A/B Test Design: 1‑Month Free Trial Impact on Paid Subscription Conversion

You are evaluating whether offering a 1‑month free trial increases paid subscription sign‑ups. Assume the product currently requires immediate payment (no trial). The treatment offers a 30‑day free trial that auto‑converts to paid unless canceled. Design an end‑to‑end A/B test and address:

  1. Eligibility and Randomization
    • Who is included/excluded (e.g., prior payers, grace‑period users)?
    • Unit of randomization (user, device, household?)
    • How to prevent reassignment and cross‑device contamination.
  2. Primary Outcome and Horizon
    • Define a single launch‑gating metric that captures true paid conversion given the 30‑day trial delay.

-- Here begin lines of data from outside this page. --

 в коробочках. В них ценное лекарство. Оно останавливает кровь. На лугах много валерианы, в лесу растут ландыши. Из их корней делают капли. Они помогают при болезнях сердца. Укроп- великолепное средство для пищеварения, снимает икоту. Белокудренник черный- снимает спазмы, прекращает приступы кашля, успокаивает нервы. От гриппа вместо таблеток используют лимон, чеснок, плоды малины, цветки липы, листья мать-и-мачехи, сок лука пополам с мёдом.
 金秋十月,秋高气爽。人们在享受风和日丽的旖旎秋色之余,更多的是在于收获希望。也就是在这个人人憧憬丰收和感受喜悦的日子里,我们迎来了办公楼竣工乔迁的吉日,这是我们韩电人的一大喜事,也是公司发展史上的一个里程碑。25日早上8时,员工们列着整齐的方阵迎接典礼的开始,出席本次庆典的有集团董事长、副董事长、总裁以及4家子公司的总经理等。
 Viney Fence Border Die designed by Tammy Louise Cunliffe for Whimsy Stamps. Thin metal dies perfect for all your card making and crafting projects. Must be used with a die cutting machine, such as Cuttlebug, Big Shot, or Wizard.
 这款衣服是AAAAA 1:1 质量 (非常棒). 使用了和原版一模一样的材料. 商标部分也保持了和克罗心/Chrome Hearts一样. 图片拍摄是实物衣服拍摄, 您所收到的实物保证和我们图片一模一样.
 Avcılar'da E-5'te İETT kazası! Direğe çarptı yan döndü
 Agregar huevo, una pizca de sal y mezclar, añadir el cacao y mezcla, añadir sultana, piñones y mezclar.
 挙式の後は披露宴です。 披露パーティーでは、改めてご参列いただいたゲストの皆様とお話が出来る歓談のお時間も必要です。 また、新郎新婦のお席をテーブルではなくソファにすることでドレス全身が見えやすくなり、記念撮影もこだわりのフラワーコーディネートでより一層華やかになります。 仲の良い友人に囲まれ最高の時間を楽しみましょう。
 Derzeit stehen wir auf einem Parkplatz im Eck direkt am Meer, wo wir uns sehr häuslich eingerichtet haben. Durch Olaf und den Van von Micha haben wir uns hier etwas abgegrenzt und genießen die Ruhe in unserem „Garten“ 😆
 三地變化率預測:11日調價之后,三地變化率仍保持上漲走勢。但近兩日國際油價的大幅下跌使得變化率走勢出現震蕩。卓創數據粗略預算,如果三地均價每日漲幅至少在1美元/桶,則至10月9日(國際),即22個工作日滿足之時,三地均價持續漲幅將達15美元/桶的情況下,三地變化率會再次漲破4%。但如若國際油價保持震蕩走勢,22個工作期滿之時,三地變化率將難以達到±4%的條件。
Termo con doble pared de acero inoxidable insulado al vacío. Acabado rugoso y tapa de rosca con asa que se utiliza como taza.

    • Justify an observation window (e.g., paid start within 60 days of first exposure).
    • Specify guardrail metrics (refunds, chargebacks, engagement, infra cost).
  3. ITT vs. Triggered Analyses
    • Describe both intention‑to‑treat and triggered analyses and when each should drive the decision.
    • Handle users who never see the offer or churn before trial end.
  4. Sample Size
    • Compute per‑arm sample size for: baseline paid conversion 4.0%, MDE +0.8 percentage points (absolute), two‑sided α=0.05, power=0.80. Show the formula and the result.
  5. Bias Controls
    • Address seasonality, novelty effects, geographic heterogeneity, and pre‑existing conversion propensity (e.g., CUPED with a pre‑exposure covariate).
  6. Interference and Fraud
    • Detect collusion or referral abuse; protect against multiple sign‑ups.
  7. Decision Framework
    • Specify exact launch criteria (statistical significance, minimum practical effect, guardrail thresholds), how you’d adjust for peeking/sequential looks, and a staged ramp plan if results are borderline.
    • Provide precise analysis steps and examples of tables/figures you would produce.